Поначалу мне трудно его рассмотреть, оно всё как лунный свет – бледный и призрачный одновременно, как будто соткан из полумрака, который наступает сразу после сумерек. Но вскоре я понимаю, что это создание напоминает человека: две руки, две ноги, которые едва касаются поверхности земли, будто он парит, длинная белая борода, всклокоченные белоснежные волосы. Он закутан в многослойную одежду цвета кучевых облаков, похожую на плащ или мантию, окутывающую его высокую фигуру, так что трудно сказать, где начинается и заканчивается ткань.

У него облик почтенного старца, который ходит – или парит – с тростью, пьёт чай большими кружками и рассказывает небылицы до самой ночи. Но вот его лицо рассказывает совсем другую историю.

Оно скорее принадлежит тому, кто только что выбрался из гроба: густые, неухоженные брови сведены, уголки губ опущены, на лбу глубокие морщины, а под глазами тёмные тени-полумесяцы. Так выглядит нежить, восставшая из мёртвых.

Вообще-то, может, так и есть. Просто он воскрес на несколько дней раньше Хеллоуина, такое иногда случается. Наверное, очнулся запертым в гробу, который не успели выкопать, так что был вынужден выбираться самостоятельно. Кто угодно выглядел бы пугающе, оказавшись погребённым на глубине нескольких метров под землёй без лопаты.

Мне вдруг становится жаль беднягу. Я уже собираюсь выйти из тени, когда замечаю, что за ним что-то сыплется: мелкие крупинки, вспыхивающие в тусклом лунном свете. Словно крошечные звёздочки.

Как... песок. От ужасного осознания у меня перехватывает дыхание.

Песок. Парящий старик приближается к сёстрам-ведьмам и наклоняется над ними, как будто проверяет, действительно ли они спят. Он дотрагивается до щеки Хельгамины, затем внимательно всматривается в лицо Зельдаборн, следя за малейшим движением. Затем он достаёт что-то из кармана призрачной мантии, раскрывает ладонь и сдувает песчинки. Сверкающее белое облако окутывает лицо младшей из ведьм.

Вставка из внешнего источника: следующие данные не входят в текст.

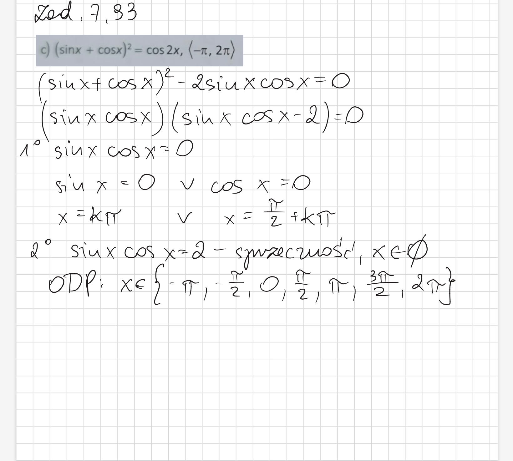 Użyłaś w pierwszej linijce wzoru na sin2x przy cosinusie, zobacz w karcie wzorów są 3 różne możliwości jak to poprawnie rozwinąć
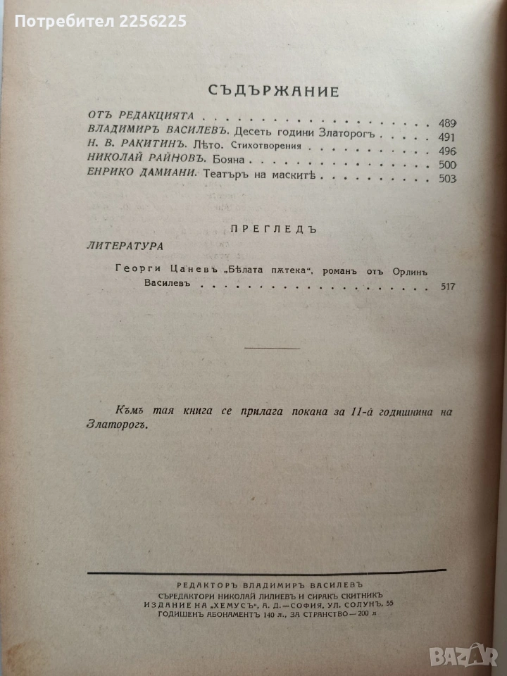Списание Златорогь 1929г ( 1-10 ) → Обява 53113499

Седовласый выжидает, наблюдая, что будет дальше. Зельдаборн остаётся неподвижна – она полностью, безраздельно спит. Удовлетворённый своей работой, старик отворачивается от сестёр и покидает площадь. Кажется, он направляется в сторону обсерватории доктора Финкельштейна.

Я стараюсь не двигаться и даже не дышать, пока он окончательно не исчезнет в темноте. Убедившись, что старик действительно ушёл, я судорожно хватаю ртом воздух и бегу к дому, чтобы поскорее укрыться.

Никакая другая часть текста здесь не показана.